§ **Task goal**
Everything from the line containing "近日,2024《证券市场周刊" to the last line of the material below must be retyped exactly, both ends included; skip the pictures.

§ **Task inputs**
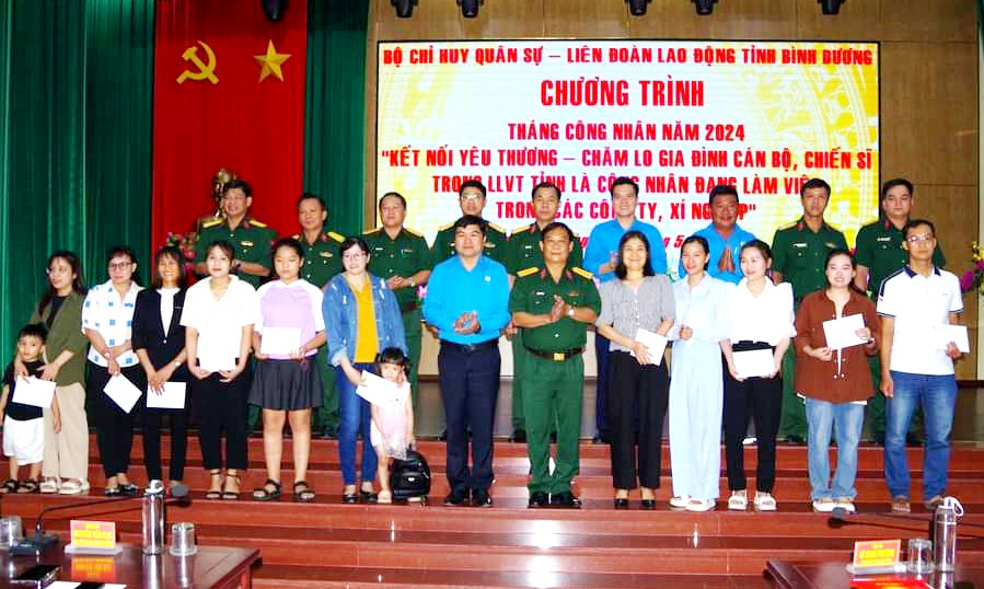 Dịp này, Liên đoàn lao động tỉnh tặng 18 phần quà, mỗi phần trị giá 1 triệu đồng cho thân nhân cán bộ, chiến sĩ LLVT tỉnh Bình Dương.
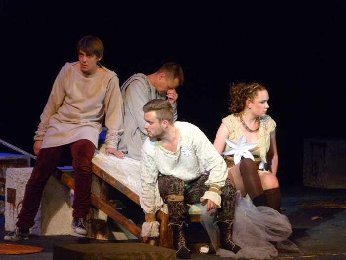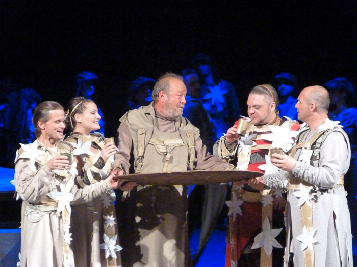 У відповідності до задуму режисера-постановника у виставі відбулися яскраві акторські прочитання ролей. Глибиною проникнення у філософську концепцію вистави позначені акторські роботи О. Шкарупи, Д. Зіневича, О.Заведії, М.Карповича, і, перед усім, – В.Рогутського. Запам’ятовуються образи, що створені С.Роговим, М.Варфоломєєвим, Г. Кутішенко, О.Слабченко, М. Петрівським, О.Шерпельовим, А.Доманським, Д.Кокарєвим, В.Кіпчуком, М.Лабознюком, С.Артеменком, О.Литовченком, О.Роговим. І навіть після закінчення вистави продовжують звучати в розбурханих душах глядача сонги у блискучому виконанні С.Поліщук та А.Глущука. Відбулися чудові відкриття нових для Житомирської сцени акторських імен – дебютантки О. Луць та наймолодшого учасника вистави, учня Житомирської школи № 32 – Володимира Номеровського. У них попереду, як, втім, і у всіх творців акторського ансамблю, хочеться вірити. – щедре на відкриття і здобутки творче життя, якщо не забуватимуть просту істину : талант – це не лише дар, але й виснажлива праця. А ще – великодушність і любов до людей. І окрім цього – звичайна вдячність тим, хто йде попереду, торуючи дорогу іншим…
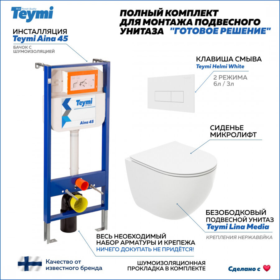 Комплект Teymi "Готовое решение": Инсталляция Aina 45 + клавиша смыва Helmi белая + унитаз Lina Media F01278 интересное:
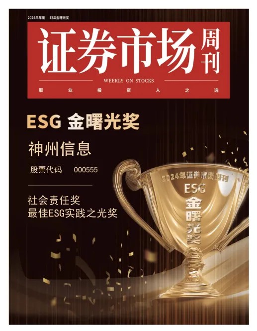 近日,2024《证券市场周刊》ESG“金曙光奖”榜单揭晓,神州信息凭借多年来在金融科技与社会责任方面的持续创新,荣获“金曙光社会责任奖”,并荣登“最佳ESG实践之光”榜单。
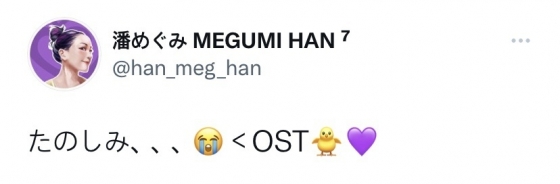 앞서 자신의 인스타그램에 지민의 노래와 사진, 그림, 타이니탄과 치미 굿즈 등으로 채우며 채워 애정을 한껏 드러내온 한 메구미는, 4월 9일 방영 예정인 tvN 드라마 '우리들의 블루스'에 지민의 첫 OST 참여 소식이 전해지자 자신의 트위터에 감격의 이모지와 함께 기쁨을 전했다.
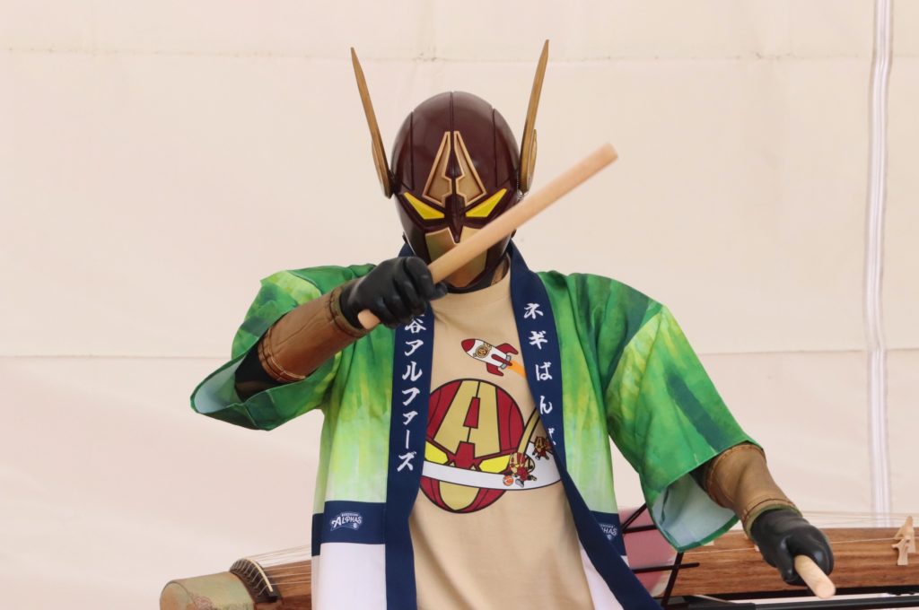 越谷アルファーズ マスコットキャラクター、宇宙からやってきたスーパーヒーロー・アルファマンが、太鼓をたたきに来てくれました!試合会場では、宙返りやブレイクダンスなど、かっこいい一面にとても驚かされました。
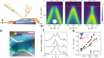 Although XPS measurements indicate a high hole-carrier density greater than 1014 cm−2, we also investigated the carrier type and carrier density of doped samples using different methods. As shown in Fig. 4a, we measured the thermopower by applying a temperature gradient between two electrodes on a graphene sample using two Peltier elements (Laird Technologies CP1.0–31–05L). These Peltier elements were wired in series with a DC power supply (KEYSIGHT E3642A), and their temperature difference was monitored using a temperature controller (Lakeshore model 335) and alumel–chromel thermocouples (SAKAGUCHI E.H VOC CORP. TCKT0051). The thermoelectromotive force was measured using a voltmeter (KEYSIGHT 34420A). As shown in Fig. 4b, a positive relation between the thermoelectromotive force and the temperature difference of both pristine and doped graphene films is observed, indicating a positive thermopower. Therefore, the carrier type of graphene films doped with Mes2B+[(C6F5)4B]− is unambiguously determined to be holes.42

§ **Answer box**
 近日,2024《证券市场周刊》ESG“金曙光奖”榜单揭晓,神州信息凭借多年来在金融科技与社会责任方面的持续创新,荣获“金曙光社会责任奖”,并荣登“最佳ESG实践之光”榜单。
 앞서 자신의 인스타그램에 지민의 노래와 사진, 그림, 타이니탄과 치미 굿즈 등으로 채우며 채워 애정을 한껏 드러내온 한 메구미는, 4월 9일 방영 예정인 tvN 드라마 '우리들의 블루스'에 지민의 첫 OST 참여 소식이 전해지자 자신의 트위터에 감격의 이모지와 함께 기쁨을 전했다.
 越谷アルファーズ マスコットキャラクター、宇宙からやってきたスーパーヒーロー・アルファマンが、太鼓をたたきに来てくれました!試合会場では、宙返りやブレイクダンスなど、かっこいい一面にとても驚かされました。
 Although XPS measurements indicate a high hole-carrier density greater than 1014 cm−2, we also investigated the carrier type and carrier density of doped samples using different methods. As shown in Fig. 4a, we measured the thermopower by applying a temperature gradient between two electrodes on a graphene sample using two Peltier elements (Laird Technologies CP1.0–31–05L). These Peltier elements were wired in series with a DC power supply (KEYSIGHT E3642A), and their temperature difference was monitored using a temperature controller (Lakeshore model 335) and alumel–chromel thermocouples (SAKAGUCHI E.H VOC CORP. TCKT0051). The thermoelectromotive force was measured using a voltmeter (KEYSIGHT 34420A). As shown in Fig. 4b, a positive relation between the thermoelectromotive force and the temperature difference of both pristine and doped graphene films is observed, indicating a positive thermopower. Therefore, the carrier type of graphene films doped with Mes2B+[(C6F5)4B]− is unambiguously determined to be holes.42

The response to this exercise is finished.